PAPEETE, le 2 février 2016. L'association 193 n'a que 18 mois d'existence, mais elle a réussi déjà à mobiliser de nombreux sympathisants à sa cause : obtenir la vérité sur les essais nucléaires en Polynésie française par le biais d'un référendum. Ce mardi, 300 manifestants ont défilé de l'assemblée de Polynésie à la présidence et jusqu'au haut-commissariat.
Un sit-in lundi, une manifestation ce mardi. L'association 193 a décidé d'occuper le terrain, pacifiquement mais sans relâche, jusqu'à la date du 2 juillet 2016 qui marquera les 50 ans du premier essai nucléaire tiré en Polynésie française. En quelques semaines, la pétition lancée pour obtenir un référendum local sur cette question du nucléaire a obtenu, très précisément, selon l'ultime décompte effectué hier, à la mi journée, quelques 27 241 signatures.
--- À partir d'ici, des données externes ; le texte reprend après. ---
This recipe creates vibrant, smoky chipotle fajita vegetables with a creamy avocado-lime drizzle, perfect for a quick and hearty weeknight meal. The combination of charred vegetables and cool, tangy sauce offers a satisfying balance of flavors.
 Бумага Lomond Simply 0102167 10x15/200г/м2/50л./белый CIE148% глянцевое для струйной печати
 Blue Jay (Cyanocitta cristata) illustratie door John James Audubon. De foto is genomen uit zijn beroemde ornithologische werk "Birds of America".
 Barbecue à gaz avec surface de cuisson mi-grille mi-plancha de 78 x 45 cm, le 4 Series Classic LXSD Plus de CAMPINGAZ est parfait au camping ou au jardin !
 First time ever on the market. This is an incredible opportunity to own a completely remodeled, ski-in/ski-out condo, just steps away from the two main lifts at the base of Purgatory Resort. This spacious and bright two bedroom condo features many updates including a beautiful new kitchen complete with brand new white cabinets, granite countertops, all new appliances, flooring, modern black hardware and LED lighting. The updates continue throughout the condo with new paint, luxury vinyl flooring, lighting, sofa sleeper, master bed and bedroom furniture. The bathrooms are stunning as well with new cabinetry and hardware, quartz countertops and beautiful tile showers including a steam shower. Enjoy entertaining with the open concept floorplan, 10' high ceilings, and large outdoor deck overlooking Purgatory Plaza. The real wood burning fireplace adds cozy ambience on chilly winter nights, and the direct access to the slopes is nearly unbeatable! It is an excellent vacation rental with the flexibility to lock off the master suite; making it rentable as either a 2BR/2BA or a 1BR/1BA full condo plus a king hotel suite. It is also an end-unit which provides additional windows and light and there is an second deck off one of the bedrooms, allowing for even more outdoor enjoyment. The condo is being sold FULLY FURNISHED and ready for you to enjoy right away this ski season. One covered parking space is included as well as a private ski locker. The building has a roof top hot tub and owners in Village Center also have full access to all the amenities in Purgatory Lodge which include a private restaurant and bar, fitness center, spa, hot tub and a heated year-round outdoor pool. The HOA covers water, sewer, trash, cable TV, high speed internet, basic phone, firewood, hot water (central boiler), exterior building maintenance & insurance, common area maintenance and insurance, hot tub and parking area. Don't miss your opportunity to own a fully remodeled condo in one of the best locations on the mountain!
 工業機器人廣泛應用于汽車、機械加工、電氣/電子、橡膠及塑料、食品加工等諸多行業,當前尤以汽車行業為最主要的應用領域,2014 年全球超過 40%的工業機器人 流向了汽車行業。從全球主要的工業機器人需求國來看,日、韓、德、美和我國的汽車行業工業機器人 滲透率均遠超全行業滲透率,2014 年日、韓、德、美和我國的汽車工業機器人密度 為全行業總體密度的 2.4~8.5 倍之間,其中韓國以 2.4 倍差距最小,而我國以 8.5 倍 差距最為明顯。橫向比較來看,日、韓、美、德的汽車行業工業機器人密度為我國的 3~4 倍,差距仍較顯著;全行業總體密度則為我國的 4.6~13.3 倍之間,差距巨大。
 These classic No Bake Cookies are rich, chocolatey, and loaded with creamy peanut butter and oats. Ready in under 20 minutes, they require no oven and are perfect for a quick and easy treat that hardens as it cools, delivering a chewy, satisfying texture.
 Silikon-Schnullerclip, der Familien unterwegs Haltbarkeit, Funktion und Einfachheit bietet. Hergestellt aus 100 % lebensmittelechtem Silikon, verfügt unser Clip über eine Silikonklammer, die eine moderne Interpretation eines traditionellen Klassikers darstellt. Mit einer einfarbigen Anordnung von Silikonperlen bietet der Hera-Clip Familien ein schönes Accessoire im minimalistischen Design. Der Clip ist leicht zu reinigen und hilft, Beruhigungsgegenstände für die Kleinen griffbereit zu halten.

Les dossiers de la pétition ont été remis à la fois au président de l'assemblée de Polynésie, aux ministres de la santé et de l'environnement et la fiche technique a été livrée au haussariat. Tout le monde est donc informé de ce mouvement de fond.
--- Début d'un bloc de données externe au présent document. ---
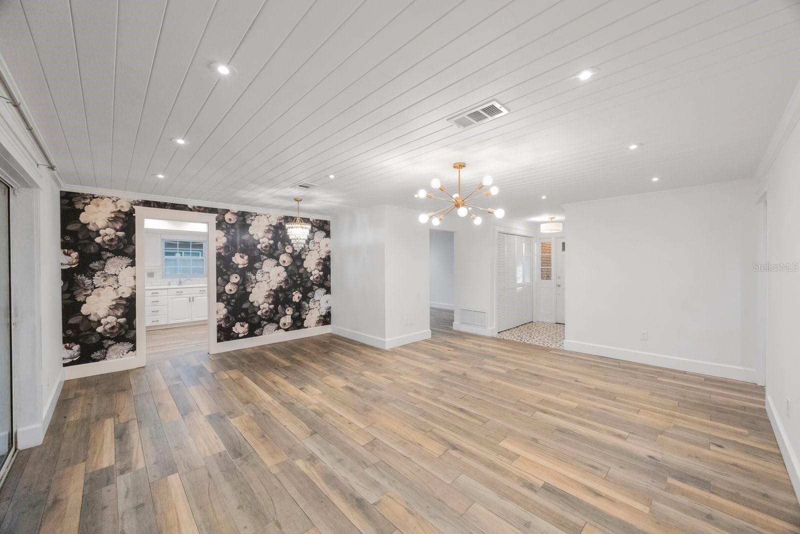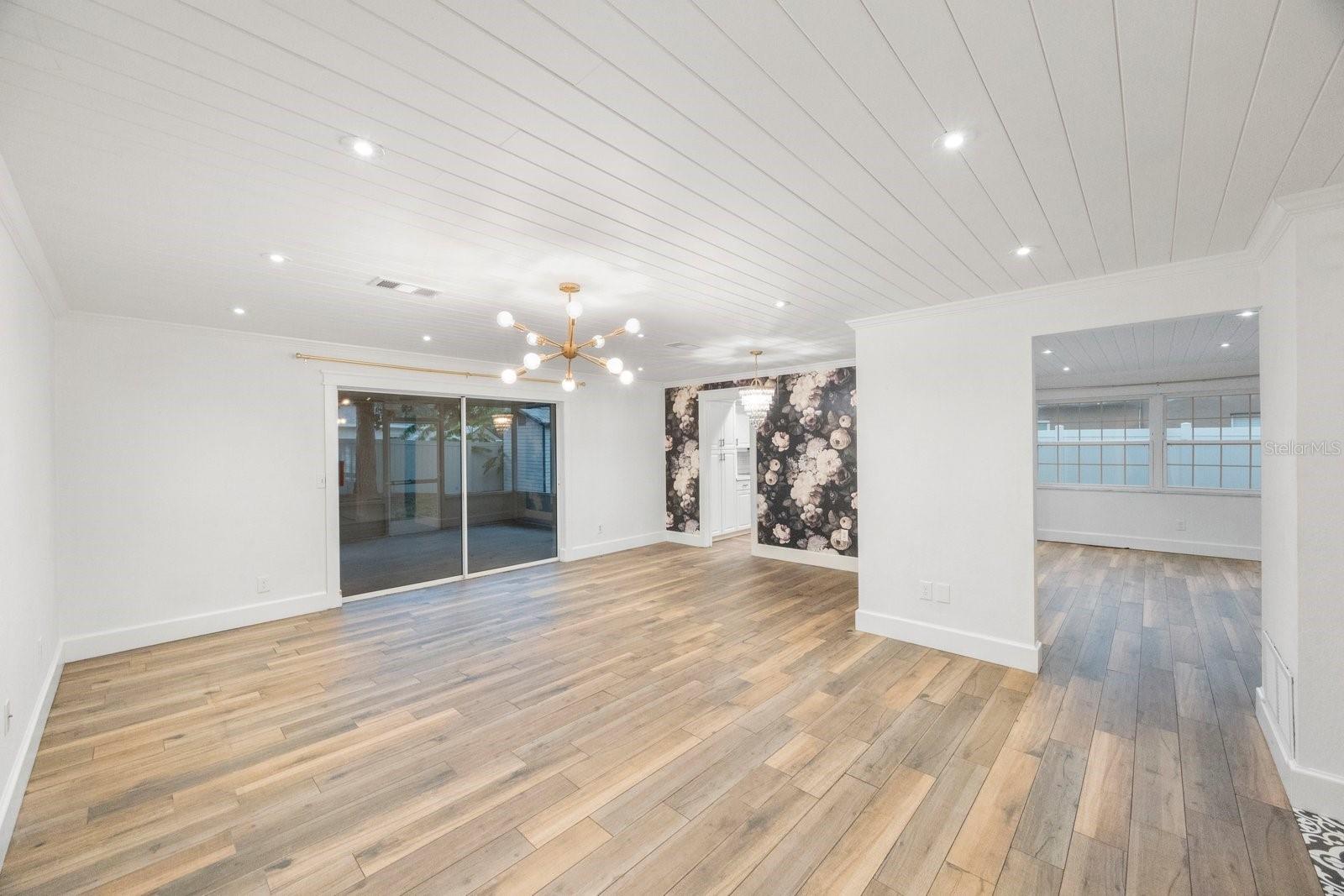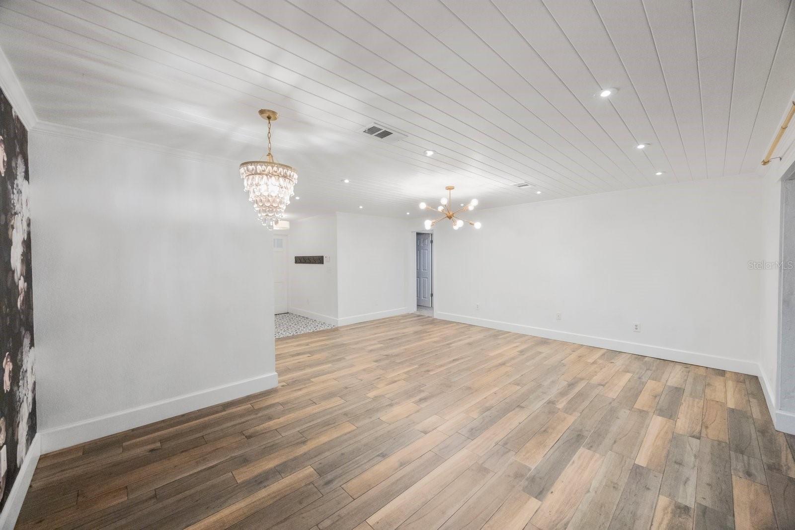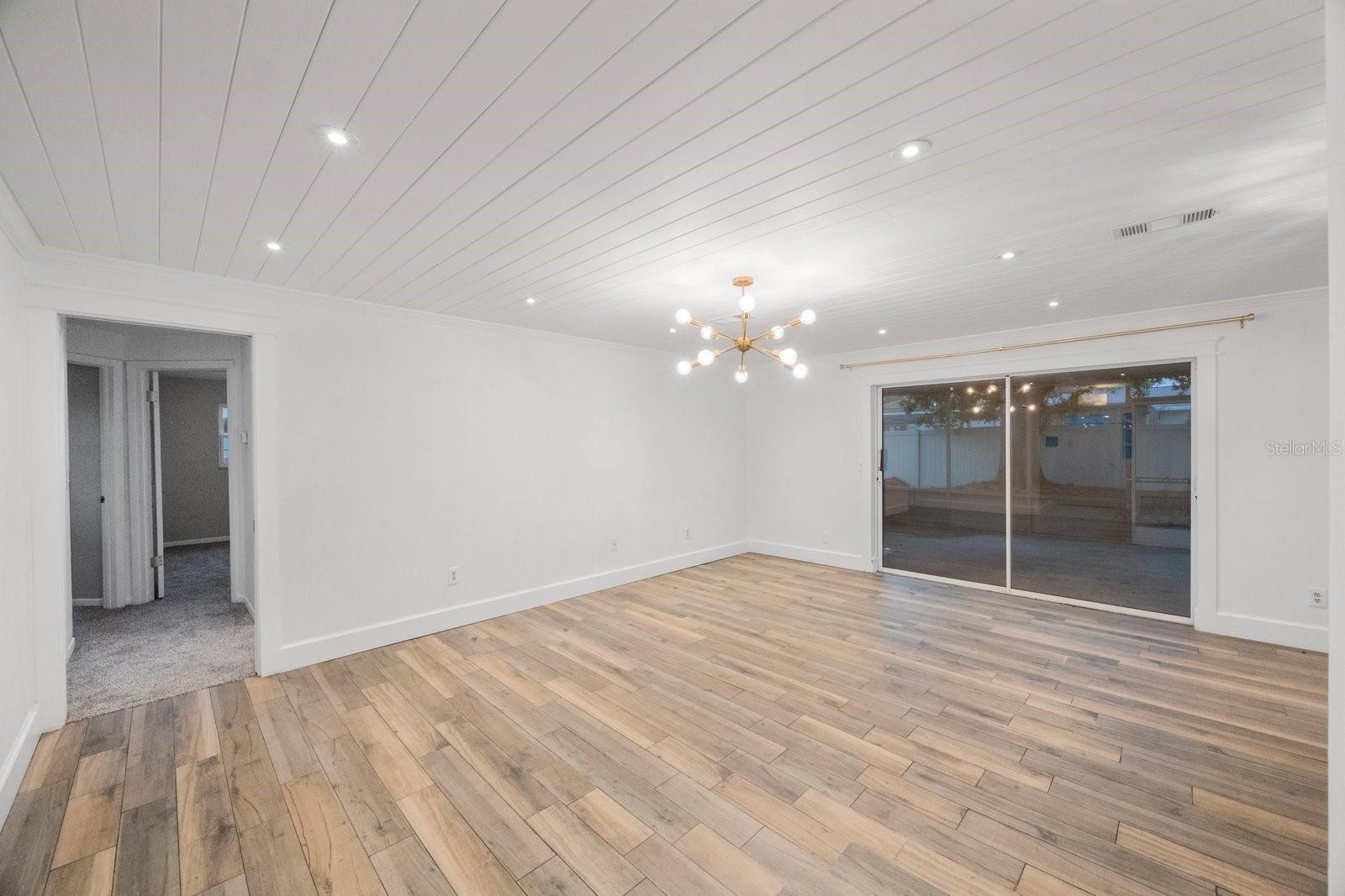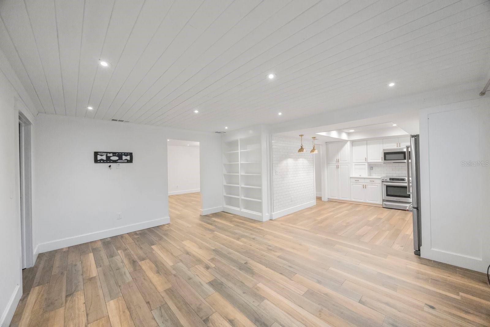 One or more photo(s) has been virtually staged. Price Reduced! A beautiful 4BR/2BA, move-in ready home in Seminole; top-rated schools all walk-able/bike-able and minutes from shopping, eateries, and gorgeous Gulf Beaches. Upon entering, you will be captivated by the large bright living/dining combo with tile flooring and tongue-and-groove ceilings throughout. The kitchen features light cabinets, solid surface counter tops and a new stainless microwave and dishwasher with a range and refrigerator to match. The front den/family room is ideal for entertaining with built-in shelving. All bedrooms are large with brand new carpet. The master bedroom is large with a master bath featuring a walk-in shower. The guest bath with tub/shower combo has been completely updated and features the tongue-and-groove ceiling as well. Outside, the screened lanai features two skylights and a ceiling fan to enjoy the Florida weather. The 2-car garage has a washer and dryer, ready to go. This home features double-paned windows, new roof (2022), crown molding, and a storage shed with electric. This unincorporated Pinellas County property is not in a flood zone. Don't miss out on a rare 4BR/2BA, block home in the heart of Seminole. Make an appointment to see it today!

Pour le père Auguste qui préside l'association 193, le but de cette journée de mobilisation était de faire passer un message aux responsables politiques. "Maintenant, c'est entre les mains des politiques. On a rencontré les élus locaux, à eux maintenant d'assumer leurs responsabilités. Le Pays peut déjà entamer une profonde mutation : il peut faire par exemple une note claire pour que dès la rentrée prochaine, la page locale des essais nucléaires soit mieux enseignée à l'école. Qu'est-ce qu'ils attendent ? Ils ont entre leurs mains cette compétence. Du point de vue sanitaire : pourquoi il n'y a pas d'étude sérieuse ? Pourquoi la CPS rechigne à donner les chiffres exacts ? Alors que tout le monde a connaissance auprès de soi d'évasan d'enfants touchés par la leucémie ou par la thyroïde… " Satisfaction inattendue de cette journée à battre le pavé de Papeete, l'association a été invitée à rencontrer des collaborateurs du président de la République, François Hollande, lors de sa visite en Polynésie française dans les prochaines semaines.
PRISE DE CONSCIENCE
A chaque halte du cortège : à l'assemblée de Polynésie, à la présidence du Pays, au Haut-commissariat, pendant qu'une délégation des leaders est reçue, les manifestants de l'association 193 patientent dans la rue. Et c'est entre eux avant tout que le débat "pour obtenir la vérité sur les essais nucléaires" à Moruroa et Fangataufa est engagé. Certains expliquent comment ils ont rejoint le mouvement, comme une évidence. "J'avais entendu parler de l'association et en fait je ne comprenais pas le nom de 193. Le chiffre m'intriguait. Je me suis renseignée et j'ai appris qu'il s'agissait du nombre total de tirs réalisés en Polynésie française. L'énormité de ce chiffre, que je ne connaissais pas, m'a saisie ! Effectivement on parle de la période du CEP à l'école, mais on ne donne pas le détail du nombre de tirs. On aborde plus le développement économique du territoire grâce au CEP et on passe rapidement sur les conséquences" explique cette jeune mère de famille de Paea, âgée de 32 ans.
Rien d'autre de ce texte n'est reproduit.